DIRECTIONS: The records that follow must be transcribed exactly, each one in full.

EXERCISE INPUT:
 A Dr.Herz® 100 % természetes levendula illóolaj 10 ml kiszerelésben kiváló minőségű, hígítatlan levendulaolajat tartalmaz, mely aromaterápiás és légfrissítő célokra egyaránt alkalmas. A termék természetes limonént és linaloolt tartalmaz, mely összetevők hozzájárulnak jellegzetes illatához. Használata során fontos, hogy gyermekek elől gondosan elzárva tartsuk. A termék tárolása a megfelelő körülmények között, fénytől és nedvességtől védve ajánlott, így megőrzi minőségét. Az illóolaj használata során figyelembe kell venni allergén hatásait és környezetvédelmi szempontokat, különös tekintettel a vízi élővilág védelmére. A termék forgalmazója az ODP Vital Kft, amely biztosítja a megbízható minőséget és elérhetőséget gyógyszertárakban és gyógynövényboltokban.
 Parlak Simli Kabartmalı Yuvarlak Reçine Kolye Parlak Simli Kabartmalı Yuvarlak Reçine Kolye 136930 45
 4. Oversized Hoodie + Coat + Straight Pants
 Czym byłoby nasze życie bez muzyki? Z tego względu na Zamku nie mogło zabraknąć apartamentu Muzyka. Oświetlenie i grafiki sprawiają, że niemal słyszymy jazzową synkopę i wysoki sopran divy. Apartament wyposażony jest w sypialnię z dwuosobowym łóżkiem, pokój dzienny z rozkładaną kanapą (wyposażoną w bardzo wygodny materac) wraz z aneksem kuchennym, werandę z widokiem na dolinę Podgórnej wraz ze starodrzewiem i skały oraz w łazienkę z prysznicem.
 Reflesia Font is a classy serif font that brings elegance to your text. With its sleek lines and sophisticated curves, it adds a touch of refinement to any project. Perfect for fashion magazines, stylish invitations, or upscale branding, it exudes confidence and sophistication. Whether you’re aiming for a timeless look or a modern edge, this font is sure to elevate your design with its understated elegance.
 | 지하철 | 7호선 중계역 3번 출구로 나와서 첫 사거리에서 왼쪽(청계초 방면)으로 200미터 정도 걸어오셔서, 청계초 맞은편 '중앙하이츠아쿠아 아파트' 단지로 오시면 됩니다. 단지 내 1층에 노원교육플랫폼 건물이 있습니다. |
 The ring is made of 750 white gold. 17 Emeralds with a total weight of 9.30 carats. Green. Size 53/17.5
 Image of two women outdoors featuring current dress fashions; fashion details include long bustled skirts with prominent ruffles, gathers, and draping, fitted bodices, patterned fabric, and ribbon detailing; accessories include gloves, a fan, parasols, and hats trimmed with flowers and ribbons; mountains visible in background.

PROBLEM SOLUTION:
 A Dr.Herz® 100 % természetes levendula illóolaj 10 ml kiszerelésben kiváló minőségű, hígítatlan levendulaolajat tartalmaz, mely aromaterápiás és légfrissítő célokra egyaránt alkalmas. A termék természetes limonént és linaloolt tartalmaz, mely összetevők hozzájárulnak jellegzetes illatához. Használata során fontos, hogy gyermekek elől gondosan elzárva tartsuk. A termék tárolása a megfelelő körülmények között, fénytől és nedvességtől védve ajánlott, így megőrzi minőségét. Az illóolaj használata során figyelembe kell venni allergén hatásait és környezetvédelmi szempontokat, különös tekintettel a vízi élővilág védelmére. A termék forgalmazója az ODP Vital Kft, amely biztosítja a megbízható minőséget és elérhetőséget gyógyszertárakban és gyógynövényboltokban.
 Parlak Simli Kabartmalı Yuvarlak Reçine Kolye Parlak Simli Kabartmalı Yuvarlak Reçine Kolye 136930 45
 4. Oversized Hoodie + Coat + Straight Pants
 Czym byłoby nasze życie bez muzyki? Z tego względu na Zamku nie mogło zabraknąć apartamentu Muzyka. Oświetlenie i grafiki sprawiają, że niemal słyszymy jazzową synkopę i wysoki sopran divy. Apartament wyposażony jest w sypialnię z dwuosobowym łóżkiem, pokój dzienny z rozkładaną kanapą (wyposażoną w bardzo wygodny materac) wraz z aneksem kuchennym, werandę z widokiem na dolinę Podgórnej wraz ze starodrzewiem i skały oraz w łazienkę z prysznicem.
 Reflesia Font is a classy serif font that brings elegance to your text. With its sleek lines and sophisticated curves, it adds a touch of refinement to any project. Perfect for fashion magazines, stylish invitations, or upscale branding, it exudes confidence and sophistication. Whether you’re aiming for a timeless look or a modern edge, this font is sure to elevate your design with its understated elegance.
 | 지하철 | 7호선 중계역 3번 출구로 나와서 첫 사거리에서 왼쪽(청계초 방면)으로 200미터 정도 걸어오셔서, 청계초 맞은편 '중앙하이츠아쿠아 아파트' 단지로 오시면 됩니다. 단지 내 1층에 노원교육플랫폼 건물이 있습니다. |
 The ring is made of 750 white gold. 17 Emeralds with a total weight of 9.30 carats. Green. Size 53/17.5
 Image of two women outdoors featuring current dress fashions; fashion details include long bustled skirts with prominent ruffles, gathers, and draping, fitted bodices, patterned fabric, and ribbon detailing; accessories include gloves, a fan, parasols, and hats trimmed with flowers and ribbons; mountains visible in background.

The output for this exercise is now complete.